Zhou Zhi-Hua, Yu Yang
National Laboratory for Novel Software Technology, Nanjing University, Nanjing 210093, China.
IEEE Trans Syst Man Cybern B Cybern. 2005 Aug;35(4):725-35. doi: 10.1109/tsmcb.2005.845396.
Ensemble learning algorithms train multiple component learners and then combine their predictions. In order to generate a strong ensemble, the component learners should be with high accuracy as well as high diversity. A popularly used scheme in generating accurate but diverse component learners is to perturb the training data with resampling methods, such as the bootstrap sampling used in bagging. However, such a scheme is not very effective on local learners such as nearest-neighbor classifiers because a slight change in training data can hardly result in local learners with big differences. In this paper, a new ensemble algorithm named Filtered Attribute Subspace based Bagging with Injected Randomness (FASBIR) is proposed for building ensembles of local learners, which utilizes multimodal perturbation to help generate accurate but diverse component learners. In detail, FASBIR employs the perturbation on the training data with bootstrap sampling, the perturbation on the input attributes with attribute filtering and attribute subspace selection, and the perturbation on the learning parameters with randomly configured distance metrics. A large empirical study shows that FASBIR is effective in building ensembles of nearest-neighbor classifiers, whose performance is better than that of many other ensemble algorithms.

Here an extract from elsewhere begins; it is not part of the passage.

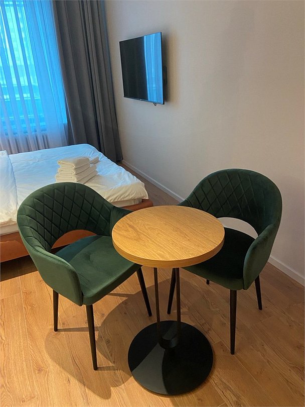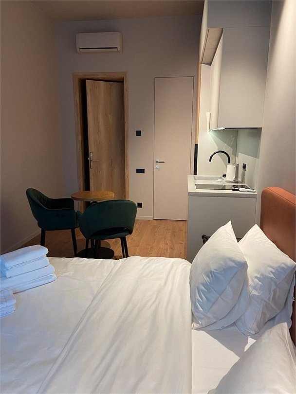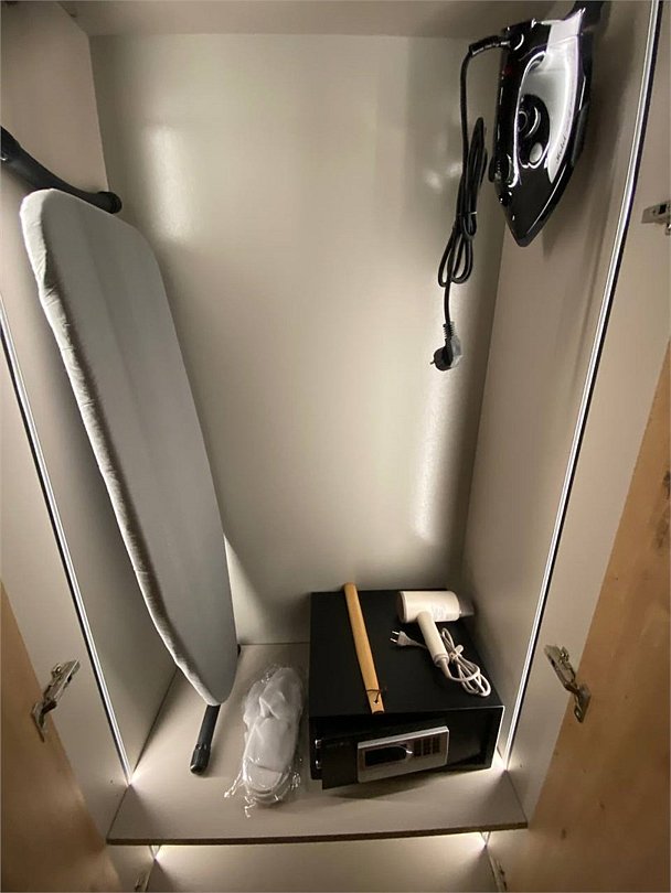 Wi-Fi, холодильник, кондиционер, фен, электронные замки, утюг, банные принадлежности, тапочки, двуспальная кровать, стулья, шкаф для одежды, унитаз, раковина, душ, стол, тумба, туалетные средства, мини-холодильник, телевизор со Smart TV, мылоВ аппартаментах
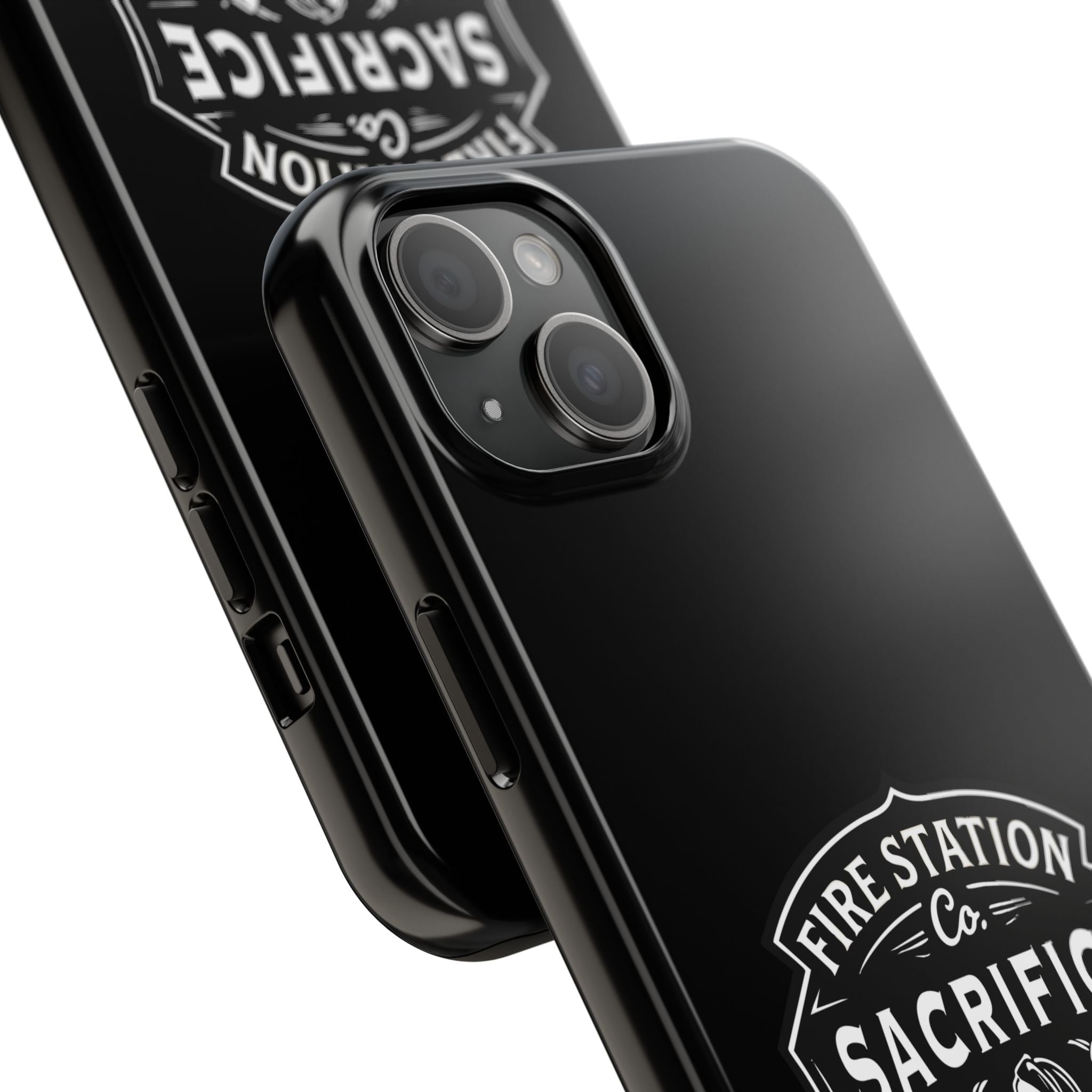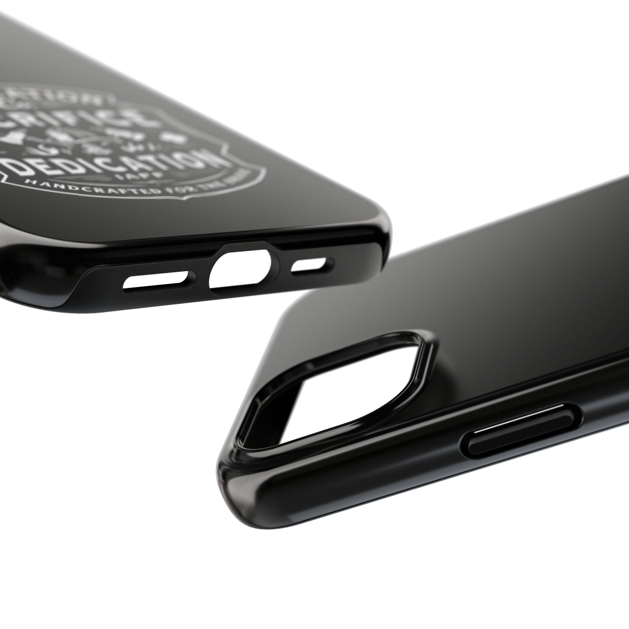 Fire Station Tough Phone Case — ‘Sacrifice & Dedication’ BW Badge Design

集成学习算法训练多个组件学习器,然后组合它们的预测结果。为了生成一个强大的集成,组件学习器应该具有高精度和高多样性。在生成准确但多样的组件学习器时,一种常用的方案是使用重采样方法对训练数据进行扰动,例如在装袋法中使用的自助采样。然而,这种方案对局部学习器(如最近邻分类器)不是很有效,因为训练数据的微小变化很难导致局部学习器有很大差异。本文提出了一种名为基于注入随机性的过滤属性子空间装袋法(FASBIR)的新集成算法,用于构建局部学习器的集成,该算法利用多模态扰动来帮助生成准确但多样的组件学习器。具体来说,FASBIR对训练数据采用自助采样进行扰动,对输入属性采用属性过滤和属性子空间选择进行扰动,对学习参数采用随机配置的距离度量进行扰动。大量实证研究表明,FASBIR在构建最近邻分类器的集成方面是有效的,其性能优于许多其他集成算法。